И т. д. и т. п. Эта «сказка про белого бычка» тянется с полчаса или час. Она — несмотря на напряженность обстановки — начинает своим занудством вызывать у меня что-то вроде сонливости. И тогда следователь, с видом покериста, молча выкидывающего на стол «флец-рояль», протягивает мне так, чтобы я мог прочесть, листок бумаги.
Это заявление, написанное в Управление МГБ Глебом Ивановичем Игнациусом. Он пишет, что считает своим партийным и гражданским долгом сообщить органам безопасности о том, что я на протяжении всего своего пребывания в Ставрополе вел активную антисоветскую агитацию среди своих знакомых. Главным объектом моей агитации была его семья. Особенно эта антисоветская деятельность усилилась после ареста моей жены. Дальше приводятся факты, подтверждающие мою подрывную деятельность. Почти все правда!.. Рассказывал о том, что четырнадцатилетних детей за уход с военных предприятий посылали на семь лет в общие лагеря… Рассказывал! Говорил, что лагеря были набиты людьми, которым давали по пятнадцать лет за украденную жменю подсолнухов… Говорил! Игнациус ничего не прибавлял, только все, что я рассказывал, было пересыпано гарниром слов: «возведя клевету на советскую действительность», «в своей вражеской клевете, доходя до утверждения…», «в целях оклеветать партию и правительство…» -и т. д. Я посмотрел на дату заявления: написано через две недели после моего отъезда из Ставрополя в Москву… Интересно, а Вера про это знала?

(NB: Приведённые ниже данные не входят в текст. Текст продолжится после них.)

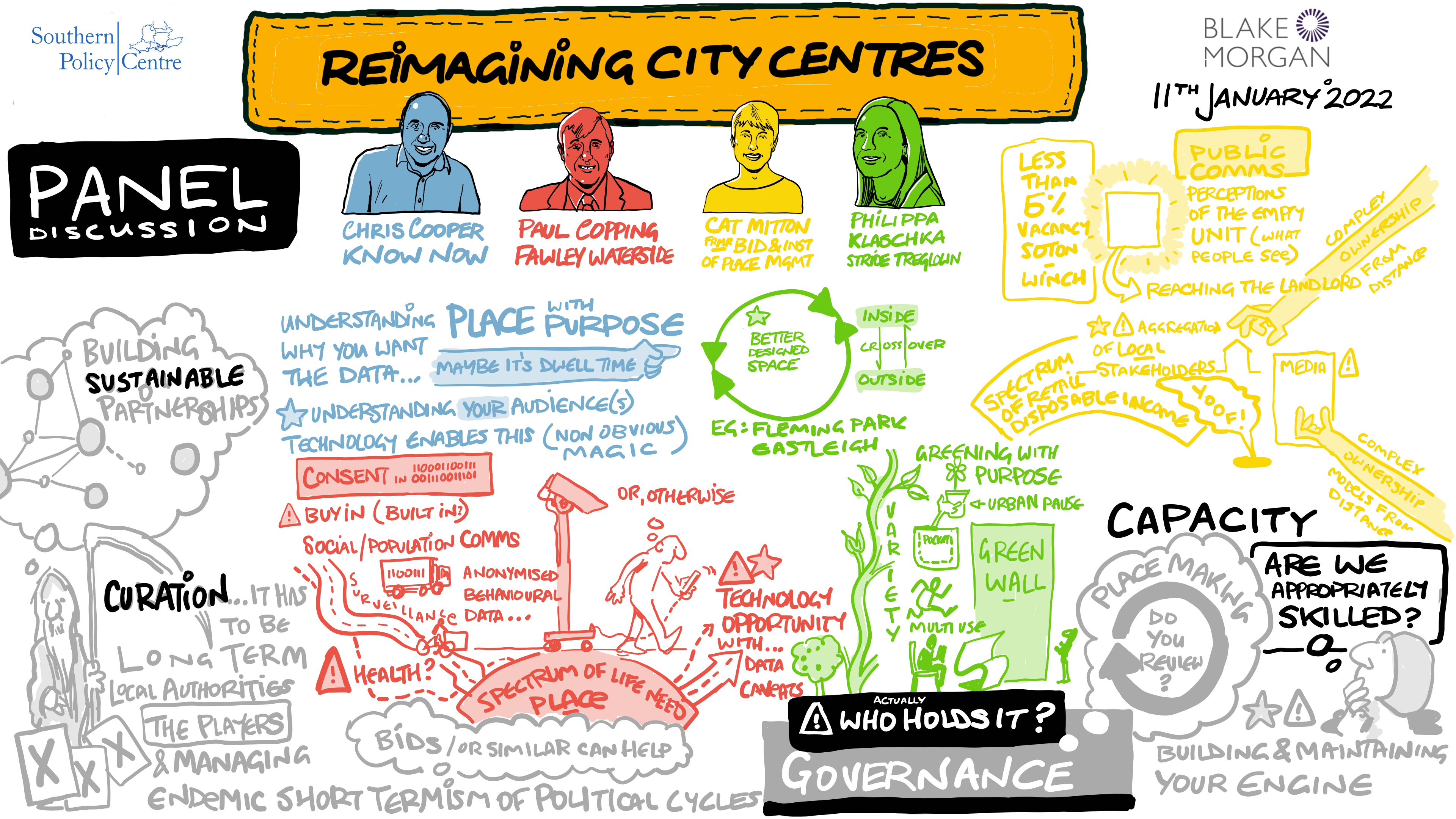 The pandemic is not yet over, and much has continued to change in our economy and communities in the 14 months since SPC’s city centre report. In early January 2022 we took the opportunity to revisit the topic, bringing together four speakers and an audience of around 60 people from across the businesses, organisations and institutions of the central South to discuss how city centres continue to change.

Как бы отвечая на этот незаданный вопрос. Гадай мне протянул протокол допроса Веры Игнациус. Свидетельница полностью подтверждала все факты моей антисоветской деятельности, сообщала, что я, вероятно, уехал к своей ссыльной жене и давала обещание немедленно сообщить о моем приезде органам МГБ… (Значит, после того, как они меня обнимали и целовали, Вера помчалась к Гадаю!.. Это почти напротив…)
Не верьте моей теперешней интонации! Это сейчас, когда прошло двадцать два года, я вспоминаю об этом почти спокойно. Только что «почти»… Предательство не имеет срока давности! И даже сейчас, когда это вспоминаю, — я начинаю немного задыхаться. Ну, а тогда, несмотря на всю мою готовность ко всему, и самоконтроль, вероятно, про меня нельзя было сказать, что «на челе его высоком не отразилось ничего». Отразилось. Очевидно, хорошо отразилось. Потому что Гадай остался вполне удовлетворенным.
Он снял трубку, набрал чей-то телефон и почтительно сообщил:
— Да, здесь у меня, товарищ подполковник. Слушаю, сейчас приведу.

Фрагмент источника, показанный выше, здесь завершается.